Granulation tissue index

The granulation tissue deposition was high in all groups within 24 h post-trauma. The granulation tissue receded completely on day 7 for 0.03% (w/w) ivermectin-treated wounds followed by complete granulation tissue recession on day 9 for 0.10 and 0.30% (w/w) ivermectin-treated wounds. Except for the control group whose wounds still had evidence of granulation, all other wounds had no evidence of tissue granulation after day 13 (Table 1).

Wound morphometry: cutaneous wound contraction evaluation

The time-course curve (Fig. 1a) and its corresponding column graphs (AUC) in Fig. 1b, as well as the wound closure per cent curve and AUCs in Fig. 1c & d showed the “time-to-heal” progression and the percentage of wound closure respectively. Between day 5 and day 10, all ivermectin-treated wounds recorded the approximate mean surface areas and mean percentage wound closure of 160 ± 0.91 mm2 at 48.5 ± 1.2% (day 5), 140 ± 0.97 mm2 at 59 ± 1.3% (day 7), 100 ± 0.995 mm2 at 68 ± 1.0% (day 10) shown in Fig. 1a & c. After day 10, the lowest dose of the ivermectin-treated wounds had fairly the most accelerated wound healing (***p < 0.001). The 0.03% (w/w) ivermectin-treated wounds showed, on day 21, a nearly perfect wound closure shown in Figure S1.

Fig. 1
figure 1

Morphometric evaluation of the effects of ivermectin cream on cutaneous wound contraction. The time-course of the healing process (a) with the corresponding Areas Under Curve (AUC) (b); Wound Contraction rate (WC) expressed in percentages (c) with the corresponding AUCs (d) are as presented. Statistical analysis for each AUCs is by One-Way ANOVA. ** means p < 0.01 and *** means p < 0.001 when compared to the vehicle (naïve) control group

Wound histological analysis on day 21

Collagen Density Evaluation – The picrosirius red stain was used to detect collagen formation based on the intensity of the red colour of the stained fibres. Photomicrographs of Picrosirius-stained sections taken on day 21 showed decreasing collagen density with decreasing doses of ivermectin (Fig. 2). The percent collagen content quantified by wound densitometry on day 21 showed 72 ± 1.3, 59 ± 1.5, 58 ± 0.6, 57 ± 1.0, 56 ± 0.9, 54 ± 0.7 for control, Silver Sulfadiazine, ivermectin (1, 0.30, 0.10, 0.03% (w/w)) respectively in a decreasing trend of collagen content.

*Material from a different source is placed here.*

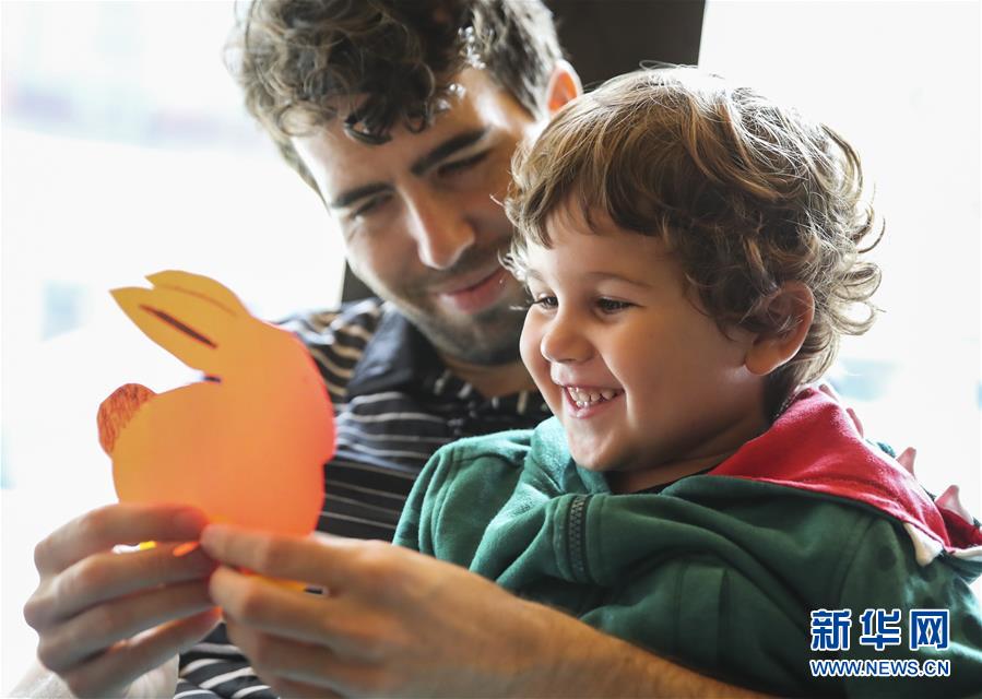9月22日,在美国纽约华人博物馆,一对父子制作玉兔造型玩偶。 当日,纽约华人博物馆举行中秋节文化体验活动,孩子们学习中国书法、听中秋故事、制作皮影玩偶和月饼,体验中国传统文化。 新华社记者王迎摄
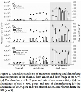 數據:Anammox細菌豐度在溝渠邊緣最高(3.82×10^7 copies/g),速率達339.4 nmol N/cm2/d;反硝化和硝化速率也最高在邊緣(反硝化449.6 nmol N/cm2/d,硝化424.6 nmol N/cm2/d)。

This indicated that in the treatment groups, the lower doses of ivermectin did show lower collagen fibre density (****p < 0.0001) thus causing healing with minimal cicatrix formation.

Fig. 2
figure 2

Effects of ivermetin cream on wound collagen content. The wound tissues were taken and fixed in 4% phosphate-buffered formaldehyde (PBF) and stained with Picrosirius Red solution. Photomicrographs showed the degree of red color intensity connoting collagen density as observed in Control (a), Ag S (b), 1% ivermectin (c), 0.30% ivermectin (d), 0.10% ivermectin (e), 0.03% ivermectin (f). Image Scale bar is 40 μm. Micrographs were captured at 400x magnification with a resolution of 12.0 Megapixels

Effects of ivermectin on cutaneous wound biomarkers on day 7 and 21

Myeloperoxidase (MPO) levels - The MPO activity was studied to indirectly estimate the extent of neutrophil infiltration and activation at the wound site. Treatment with ivermectin cream (0.03–1% (w/w)) resulted in a statistically significant decrease in MPO activity. Silver Sulfadiazine used as the positive control exhibited similar activity as ivermectin. However, all the ivermectin doses were more effective in reducing MPO activity compared with the Silver Sulfadiazine. Figure 3 indicates receding MPO levels and hence neutrophil infiltration with ivermectin cream.

Fig. 3
figure 3

Effects of ivermectin cream on cutaneous wound tissue levels of MPO and hydroxyproline. Sprague-Dawley rats were anaesthetised and excision wounds created as described in the methods. Animals were sacrificed on either day 7 or day 21 post-wounding. The levels of myeloperoxidase on day 7 as well as levels of hydroxyproline on day 7 and day 21 were measured and presented as mean ± SEM. The statistical analysis for MPO levels was by One-Way ANOVA. * means p < 0.05, ** means p < 0.01,*** means p < 0.001 for treated groups when compared to the vehicle (naïve) control group. The statistical analysis for hydroxyproline was by Two-Way ANOVA followed by Bonferroni's post hoc test. * means p < 0.05,** means p < 0.01 when compared to the corresponding day control levels whilst # means p < 0.05, ## means p < 0.01, #### means p < 0.0001 when comparing levels on day 7 to day 21 within a group

Hydroxyproline levels- Hydroxyproline levels were evaluated on day 7 and day 21. In all animals, hydroxyproline levels increased from Day 7 to Day 21. This increase in hydroxyproline was significant at high doses of ivermectin cream (0.3–1.0% (w/w)). Similarly, the Silver Sulfadiazine group and the non-treated groups also had significant increases in hydroxyproline on Day 7 and Day 21. However at lower doses of ivermectin (0.03–0.1% (w/w)), hydroxyproline levels did not increase significantly. The lower hydroxyproline levels were associated with lower doses of ivermectin-treated wounds on day 21 (Fig. 3).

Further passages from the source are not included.